The geographical position of Azerbaijan and ethnic structure of its population have created vital conditions for peaceful coexistence among different religions on the country’s territory. Throughout history Zoroastrianism, Judaism, Christianity, Islam and other religions had a mutual impact on the culture of Azerbaijan and on one another.
The relations between Azerbaijan and Israel are at an excellent level and traditionally extend far beyond diplomacy and trade. The history of the Jews in Azerbaijan goes back to the days of antiquity, presumably to the times of Assyrian kings in the seventh century BCE. Therefore, it becomes relevant to claim that the Jewish Diaspora in Azerbaijan is among the first in the world. Initially, due to settling in the mountainous regions of Azerbaijan, Jewish groups were named Mountain Jews, nowadays in the Quba region of Azerbaijan. There is a place called Red Town or Qirmizi Qesebe, which is the largest Mountain Jewish settlement in the former Soviet Union and the only Jewish settlement outside of Israel and the United States.
Mountain Jews have managed to maintain their own culture and lifestyle across the centuries; and there are hundreds of well-known politicians, businessmen, scientists and other notable figures from that community now living and working in Russia, Israel, USA, Germany, the United Kingdom and Azerbaijan. Nevertheless, Mountain Jews in Israel actively support ties with Azerbaijan, celebrate its holidays and mourn its tragic days. For example, there is Mountain Jews Heritage Center called House of Azerbaijan and established in Acre that hosted a memorial event dedicated to Azerbaijanis, victims of genocide in Khojaly in 1992.
Jewish politicians have actively participated in the political and social life of the Azerbaijani Democratic Republic (ADR) which proclaimed its independence in 1918, including members of ADR’s Parliament Moisey Gukhman, Konstantin Lisgar, who became minister for food provisions, and Dr. Yevsei Gindes, who was minister of health. Also, hundreds of thousands of Jewish families found a shelter in Azerbaijan during WWII. Approximately 200,000 Jews who were evacuated from other Soviet republics with the aim to rescue them from the Holocaust settled in Azerbaijani SSR. All of these symbolize trust that turned into a respectful coexistence and collaboration between Muslims and Jews.
Azerbaijanis are proud of their many Jewish fellow countrymen who brought fame and honor to their homeland. Among them was the Baku-born Jewish physicist Lev Landau, who was awarded the Nobel Prize in 1962 for his pioneering theories in condensed matter, especially liquid helium.

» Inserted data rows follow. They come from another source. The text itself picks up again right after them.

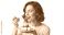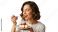 • Woman enjoying a delicious slice of cheesecake with berry topping, isolated on transparent background
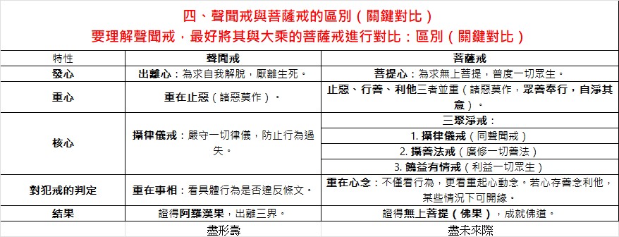 | 四、聲聞戒與菩薩戒的四、聲聞戒與菩薩戒的區別(關鍵對比) 要理解聲聞戒,最好將其與大乘的菩薩戒進行對比:區別(關鍵對比) | ||
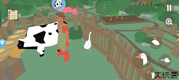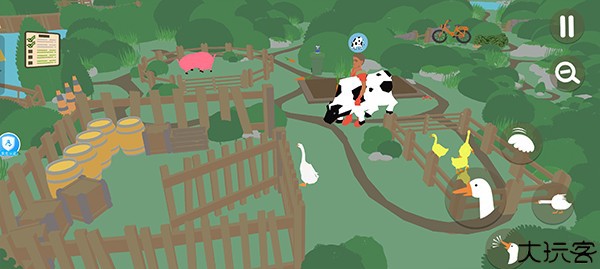 1、在本站下载安装好捣蛋大鹅模拟器正版下载,运行游戏并进入游戏,然后将鹅移动到牛棚的门旁边用嘴推开门,等牛跑出去。
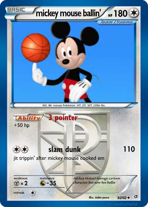 NO. 84 mouse Pokémon HT: 2ft WT: 23lbs lbs.illus. Jaden pasca#92/02Mickey Mouse! Average cartoon character. but now hes ballinCreated by @dogeisw on 21 October 2025
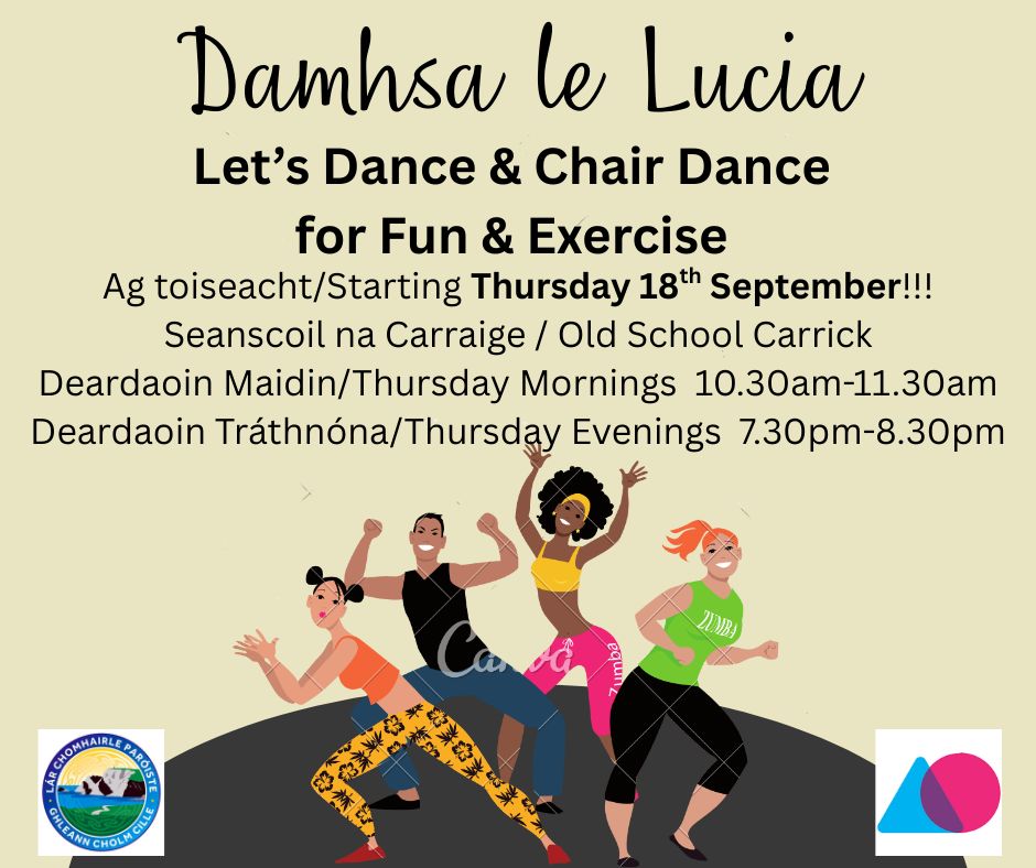 Let's Dance & Chair Dance with Lucia starting Thursday, 18th September in the Old School, Carrick. A mix of fun and gentle exercise, and suitable for all ages! Don't miss it![]()

Another proud Azerbaijani with Jewish roots is the national hero of Azerbaijan Albert Agarunov, who died defending Azerbaijan’s territorial integrity from Armenian aggression after the collapse of the USSR in 1991. In 1992, when the Karabakh war started, he voluntarily went to the front line. Agarunov, who was appointed tank commander, fought in various directions in Nagorno-Karabakh and destroyed a lot of enemy manpower and equipment. Agarunov was buried at the Alley of Martyrs in Baku’s Highland Park. Azerbaijan honored the memory of its hero a by unveiling a monument created in his honor and installed in the street named after him.
Another reflection of peaceful and respectful Muslim-Jewish coexistence is that there has not been a single case of antisemitism registered in Azerbaijan, in contrast to many other states, including neighboring mono-ethnic Armenia. On the contrary, today, Azerbaijan with a Muslim majority is home to a Jewish community and eight synagogues. Recently, the Heydar Aliyev Foundation, which is based in the capital city of Baku, restored the centuries-old Jewish cemetery in the Mudji village of Ismailia. Also, the holy Torah was translated into the Azerbaijani language for the first time by the Institute of Oriental Studies of the Azerbaijan National Academy of Sciences.